- Exercise details:
Reproduce exactly only the lines from the line that holds "本文關(guān)于2011" to the line that holds "La Muzeul Ţării", inclusive, in the listing below, and please leave out every picture.

- Recorded data:
____________________

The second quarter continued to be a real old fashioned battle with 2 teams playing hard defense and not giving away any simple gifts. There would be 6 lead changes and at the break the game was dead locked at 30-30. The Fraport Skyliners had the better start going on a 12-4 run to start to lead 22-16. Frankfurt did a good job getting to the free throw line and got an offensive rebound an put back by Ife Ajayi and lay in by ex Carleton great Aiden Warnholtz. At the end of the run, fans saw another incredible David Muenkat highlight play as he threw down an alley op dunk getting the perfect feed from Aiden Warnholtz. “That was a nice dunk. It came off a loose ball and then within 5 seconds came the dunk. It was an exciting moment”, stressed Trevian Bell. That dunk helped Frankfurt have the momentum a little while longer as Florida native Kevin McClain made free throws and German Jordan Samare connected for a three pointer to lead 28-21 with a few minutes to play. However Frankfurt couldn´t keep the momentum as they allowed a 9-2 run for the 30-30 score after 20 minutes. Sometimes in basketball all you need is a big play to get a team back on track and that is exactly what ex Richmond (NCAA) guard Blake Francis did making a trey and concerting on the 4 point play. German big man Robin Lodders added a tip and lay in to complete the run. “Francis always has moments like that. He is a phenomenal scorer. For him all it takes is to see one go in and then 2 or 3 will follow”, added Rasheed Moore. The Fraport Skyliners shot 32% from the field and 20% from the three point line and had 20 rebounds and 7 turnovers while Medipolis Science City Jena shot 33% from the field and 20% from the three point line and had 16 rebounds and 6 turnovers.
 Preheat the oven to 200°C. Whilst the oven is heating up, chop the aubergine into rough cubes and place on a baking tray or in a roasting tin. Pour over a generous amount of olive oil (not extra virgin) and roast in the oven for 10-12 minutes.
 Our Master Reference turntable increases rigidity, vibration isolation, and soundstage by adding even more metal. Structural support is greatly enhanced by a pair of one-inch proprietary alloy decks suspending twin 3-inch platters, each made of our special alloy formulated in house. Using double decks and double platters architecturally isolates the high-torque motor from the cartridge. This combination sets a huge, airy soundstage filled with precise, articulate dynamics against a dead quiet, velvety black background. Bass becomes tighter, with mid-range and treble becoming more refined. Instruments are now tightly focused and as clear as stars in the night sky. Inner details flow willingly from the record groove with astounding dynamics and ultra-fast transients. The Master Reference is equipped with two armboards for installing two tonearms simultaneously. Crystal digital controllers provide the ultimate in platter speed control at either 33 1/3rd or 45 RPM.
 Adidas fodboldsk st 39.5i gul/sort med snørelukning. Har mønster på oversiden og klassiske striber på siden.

____________________

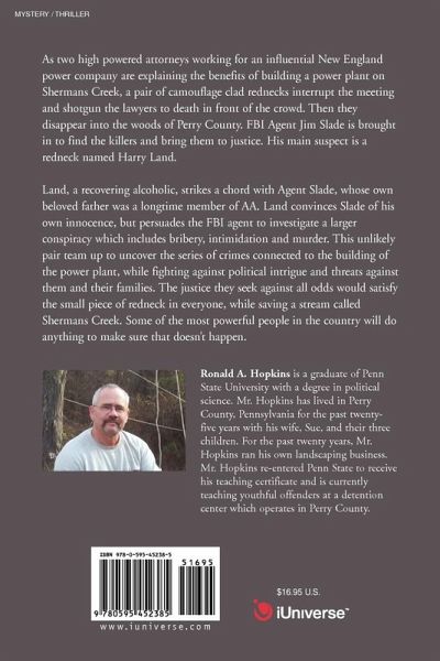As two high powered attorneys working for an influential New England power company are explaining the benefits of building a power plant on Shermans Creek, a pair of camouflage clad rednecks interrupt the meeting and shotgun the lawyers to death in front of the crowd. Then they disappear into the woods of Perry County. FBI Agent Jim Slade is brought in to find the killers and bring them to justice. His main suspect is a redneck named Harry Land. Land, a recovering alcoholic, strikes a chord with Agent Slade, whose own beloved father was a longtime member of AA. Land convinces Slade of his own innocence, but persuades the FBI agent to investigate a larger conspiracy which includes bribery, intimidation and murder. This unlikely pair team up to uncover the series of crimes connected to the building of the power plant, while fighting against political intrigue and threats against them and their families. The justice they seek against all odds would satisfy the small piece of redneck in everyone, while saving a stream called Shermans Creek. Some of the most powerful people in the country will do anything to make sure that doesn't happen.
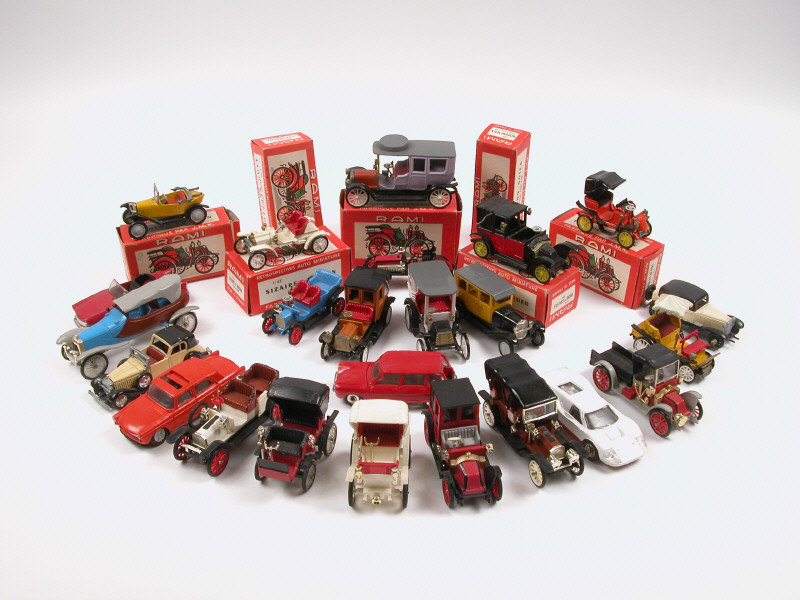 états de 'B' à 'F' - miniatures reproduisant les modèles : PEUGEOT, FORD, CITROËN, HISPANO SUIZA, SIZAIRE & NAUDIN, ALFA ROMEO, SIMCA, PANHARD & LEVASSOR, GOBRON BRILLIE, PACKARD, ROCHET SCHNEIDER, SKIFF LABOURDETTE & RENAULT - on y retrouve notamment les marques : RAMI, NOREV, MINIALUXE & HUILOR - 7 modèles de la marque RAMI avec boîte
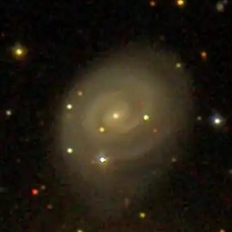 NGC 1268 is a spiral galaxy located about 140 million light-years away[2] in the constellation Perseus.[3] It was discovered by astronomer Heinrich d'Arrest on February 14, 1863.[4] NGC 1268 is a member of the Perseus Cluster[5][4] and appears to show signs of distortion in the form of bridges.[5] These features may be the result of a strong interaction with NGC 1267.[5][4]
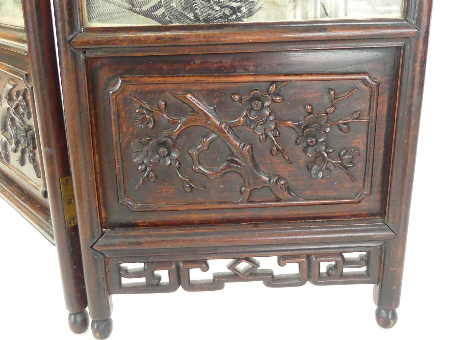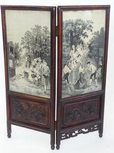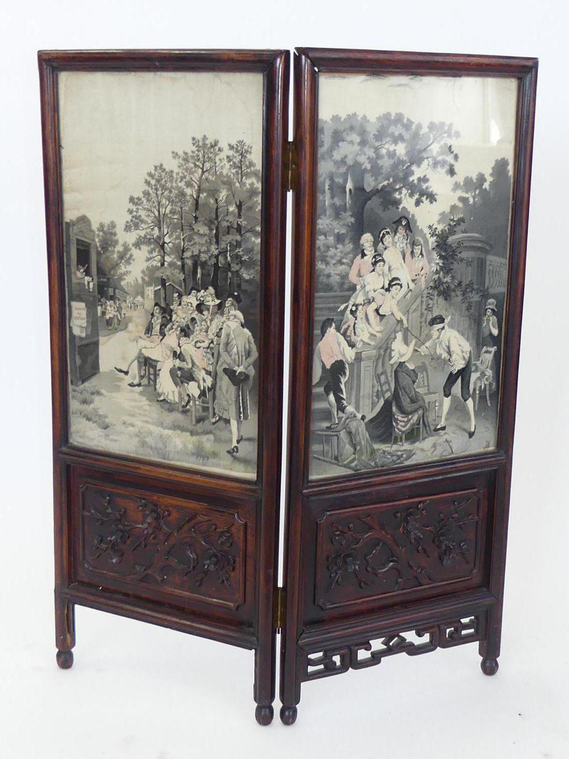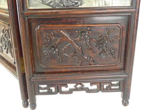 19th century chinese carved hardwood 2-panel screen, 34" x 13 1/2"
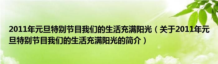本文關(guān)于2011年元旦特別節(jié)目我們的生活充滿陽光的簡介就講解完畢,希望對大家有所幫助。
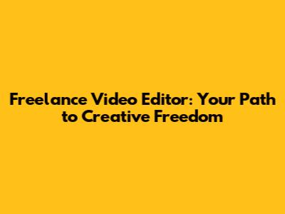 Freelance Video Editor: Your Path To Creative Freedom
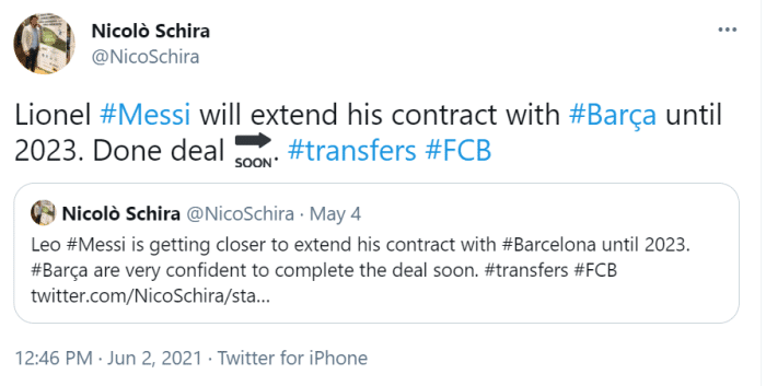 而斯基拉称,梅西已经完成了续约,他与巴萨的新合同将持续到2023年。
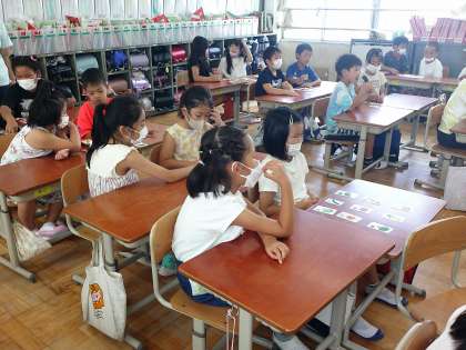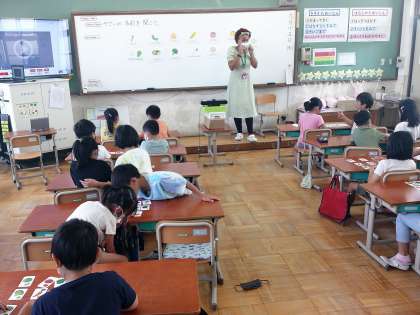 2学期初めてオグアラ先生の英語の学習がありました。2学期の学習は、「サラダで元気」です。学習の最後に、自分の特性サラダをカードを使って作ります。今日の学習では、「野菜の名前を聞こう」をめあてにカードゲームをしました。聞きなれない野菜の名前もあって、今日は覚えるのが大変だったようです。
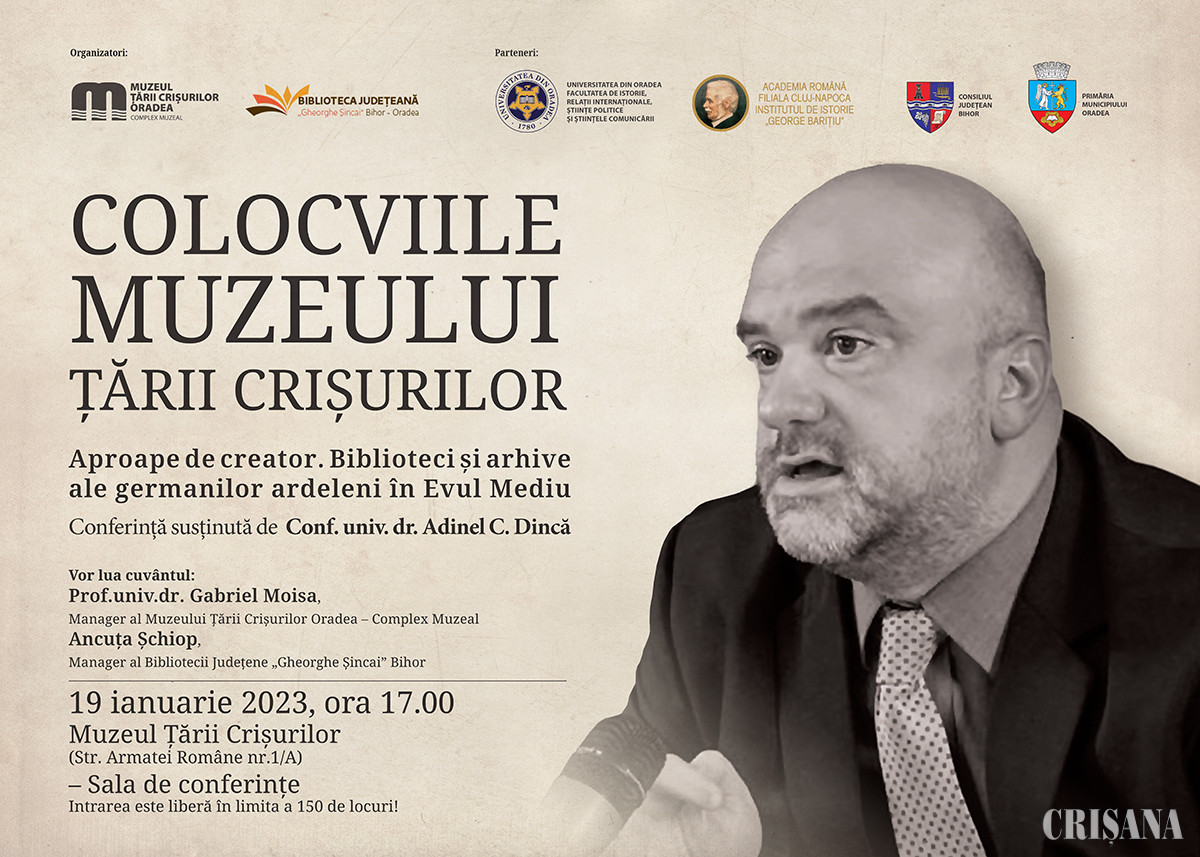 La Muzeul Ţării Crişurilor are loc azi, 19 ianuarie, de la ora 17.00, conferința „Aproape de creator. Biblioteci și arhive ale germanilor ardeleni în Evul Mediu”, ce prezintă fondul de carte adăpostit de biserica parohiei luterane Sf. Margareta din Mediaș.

____________________

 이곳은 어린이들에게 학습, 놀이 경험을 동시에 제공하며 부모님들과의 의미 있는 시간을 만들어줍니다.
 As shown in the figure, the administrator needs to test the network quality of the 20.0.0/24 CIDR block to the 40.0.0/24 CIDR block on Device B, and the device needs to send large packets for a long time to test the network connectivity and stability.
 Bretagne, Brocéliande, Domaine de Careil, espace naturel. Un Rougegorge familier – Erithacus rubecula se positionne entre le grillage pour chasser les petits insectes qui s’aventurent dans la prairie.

____________________

- Result for this exercise:
本文關(guān)于2011年元旦特別節(jié)目我們的生活充滿陽光的簡介就講解完畢,希望對大家有所幫助。
 Freelance Video Editor: Your Path To Creative Freedom
 而斯基拉称,梅西已经完成了续约,他与巴萨的新合同将持续到2023年。
 2学期初めてオグアラ先生の英語の学習がありました。2学期の学習は、「サラダで元気」です。学習の最後に、自分の特性サラダをカードを使って作ります。今日の学習では、「野菜の名前を聞こう」をめあてにカードゲームをしました。聞きなれない野菜の名前もあって、今日は覚えるのが大変だったようです。
 La Muzeul Ţării Crişurilor are loc azi, 19 ianuarie, de la ora 17.00, conferința „Aproape de creator. Biblioteci și arhive ale germanilor ardeleni în Evul Mediu”, ce prezintă fondul de carte adăpostit de biserica parohiei luterane Sf. Margareta din Mediaș.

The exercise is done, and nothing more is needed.